Leave the pictures out. Retype exactly the lines below from the one containing "Το τέλειο δώρο" through the one containing "レディース 20代 30代", and no others.

Stored data.
--------------------------------
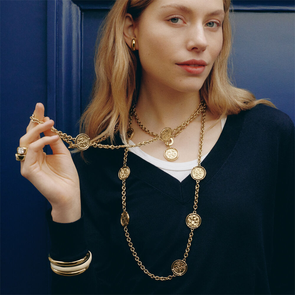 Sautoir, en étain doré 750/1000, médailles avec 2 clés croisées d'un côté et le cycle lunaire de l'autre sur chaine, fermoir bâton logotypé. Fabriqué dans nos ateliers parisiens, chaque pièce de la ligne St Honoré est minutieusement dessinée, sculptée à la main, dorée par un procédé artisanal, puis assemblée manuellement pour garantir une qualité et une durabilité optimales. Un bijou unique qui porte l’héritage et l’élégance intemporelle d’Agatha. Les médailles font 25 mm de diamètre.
--------------------------------
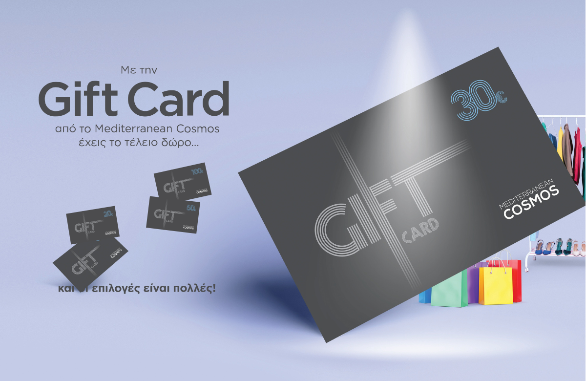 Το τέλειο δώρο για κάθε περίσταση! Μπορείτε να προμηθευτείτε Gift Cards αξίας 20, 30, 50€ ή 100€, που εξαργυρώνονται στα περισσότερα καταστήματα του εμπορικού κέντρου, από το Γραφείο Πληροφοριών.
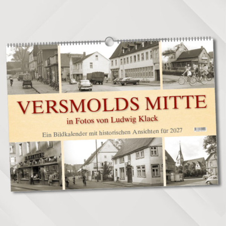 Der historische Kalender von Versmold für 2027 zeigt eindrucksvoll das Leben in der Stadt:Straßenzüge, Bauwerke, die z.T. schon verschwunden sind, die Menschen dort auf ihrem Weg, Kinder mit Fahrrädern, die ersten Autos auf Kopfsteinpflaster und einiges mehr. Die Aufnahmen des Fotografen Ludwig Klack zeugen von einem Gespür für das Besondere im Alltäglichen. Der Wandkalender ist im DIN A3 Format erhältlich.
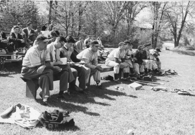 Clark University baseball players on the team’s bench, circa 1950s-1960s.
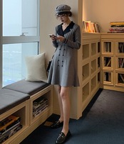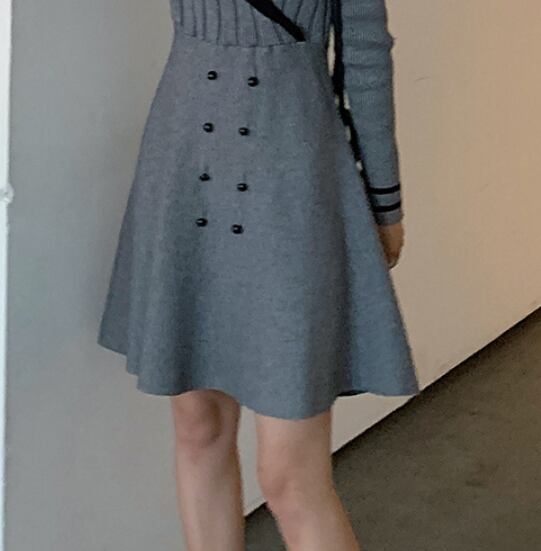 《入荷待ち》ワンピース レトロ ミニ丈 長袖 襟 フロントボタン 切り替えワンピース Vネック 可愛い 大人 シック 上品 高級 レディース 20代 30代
--------------------------------
Answer to this problem.
 Το τέλειο δώρο για κάθε περίσταση! Μπορείτε να προμηθευτείτε Gift Cards αξίας 20, 30, 50€ ή 100€, που εξαργυρώνονται στα περισσότερα καταστήματα του εμπορικού κέντρου, από το Γραφείο Πληροφοριών.
 Der historische Kalender von Versmold für 2027 zeigt eindrucksvoll das Leben in der Stadt:Straßenzüge, Bauwerke, die z.T. schon verschwunden sind, die Menschen dort auf ihrem Weg, Kinder mit Fahrrädern, die ersten Autos auf Kopfsteinpflaster und einiges mehr. Die Aufnahmen des Fotografen Ludwig Klack zeugen von einem Gespür für das Besondere im Alltäglichen. Der Wandkalender ist im DIN A3 Format erhältlich.
 Clark University baseball players on the team’s bench, circa 1950s-1960s.
 《入荷待ち》ワンピース レトロ ミニ丈 長袖 襟 フロントボタン 切り替えワンピース Vネック 可愛い 大人 シック 上品 高級 レディース 20代 30代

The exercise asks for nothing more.